Wu et al. 2018 constructed high-quality reference genomes of two wild, diploid relatives of sweet potato I. trifida and I. triloba, both of which are very closely related to I. batatas [7]. Using these reference genomes and resequencing data from sweet potato landraces used in African breeding programs as well as transcriptomic data from ‘Tanzania’ and ‘Beauregard’, several genes involved in carotenoid synthesis were identified as candidates for determining sweet potato flesh color including phytoene synthase (PSY, itf03g05110), phytoene desaturase (PDS, itf11g08190), zeta-carotene isomerase (Z-ISO, itf04g12320), and lycopene beta-cyclase (LCB, itf04g32080) [2]. Zhang et al. 2020 [48] used data from Wu et al. 2018 [7] and Ding et al. 2017 [49] and employed GWAS and expression QTL analysis of transcriptomic data from 104 sweet potato accessions popular in China that have variation in anthocyanin content of storage root flesh. The most significant distant eQTL hotspot associated with flesh color was located on chromosome 12 (20.42 Mb–20.92 Mb), and the most significant GO (gene ontogeny) classifications of the genes in the 200 kb windows encompassing the QTLs were flavonoid biosynthetic process and phenylpropanoid metabolic process [48]. Further, IbMYB1-2 [50] was proposed to be a master regulator of anthocyanin biosynthesis. In addition, Gemenet et al. 2019 [13] used a biparental mapping population of ‘Beauregard’ (orange-fleshed) and ‘Tanzania’ (white-fleshed) to identify two major QTLs on chromosomes 3 and 12 associated with dry matter and β-carotene. The inverse correlation between starch and β-carotene content was largely attributed to physical linkage between the sucrose synthase (SuSy, itf03g05100) and phytoene synthase (PSY, itf03g05110) genes on chromosome 3 and a trans effect from the ORANGE gene (OR, itf012g24270) on chromosome 12 due to its impact on PSY and chromoplast development [13].
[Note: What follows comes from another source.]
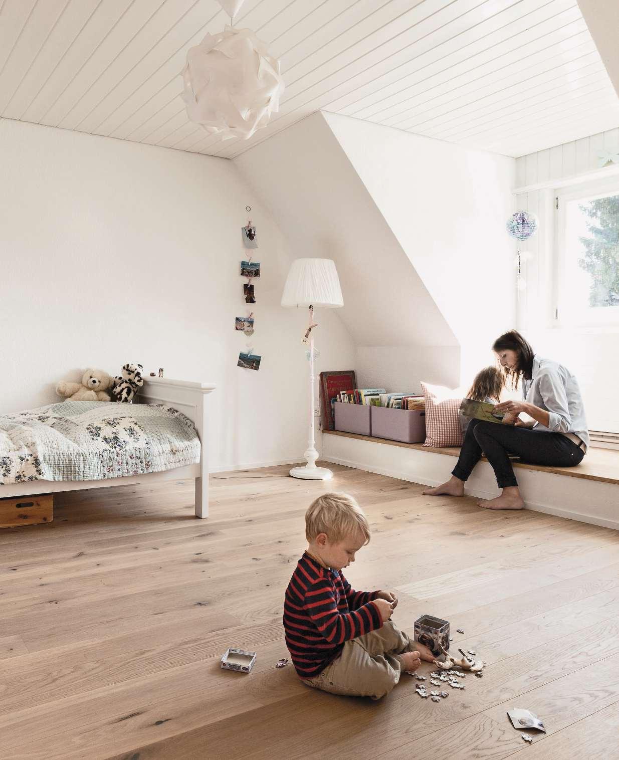 Büroarbeiten gibt es nuneinen kleinen Sekretär im Erkermit Blick aufden Garten Nebendem Schlaf- undBadbereich derEltern placierten sie im erstenStock einzweites WC sowieein kleineresBad fürdie Kinder. Im Treppenhaus wurde eine sperrige Verkleidungaus Holz herausgerissen undimDach einOberlichteingebaut.Tagsüberscheint jetztTageslicht durchdie sechs Glasziegel underhellt den Treppenbereich.Inder Nachtsorgt eine LED-Röhrehinterdem Oberlichtfür Helligkeit. Im zweiten Stockwiederumliessen Claudiaund Michael dieursprüngliche Raumaufteilungbestehen. Die zwei behaglichenZimmerunter denweissgestrichenenDachschrägensinddas Reich von Anika (7) undFrederik(3).

In our study, GWAS was employed to identify 28 SNPs, comprising 21 unique genetic loci, associated with the storage root traits of dry matter, flesh color, and skin color in a 384-accession subset of the USDA sweet potato germplasm that was constructed previously and largely maintains the genetic diversity of the entire USDA collection [8,9]. Examination of the genetic loci in the I. trifida and I. batatas reference genomes (http://sweetpotato.uga.edu/) enabled the identification of candidate genes within 100 kb of the SNPs that may regulate the expression of these storage root traits (Tables S2–S8). Genes considered most likely candidates include metabolic enzymes, transmembrane transporters, and transcriptional regulators and are mentioned in the results above and are also listed in Table S7. The results from this study corroborate and extend the previous studies described above.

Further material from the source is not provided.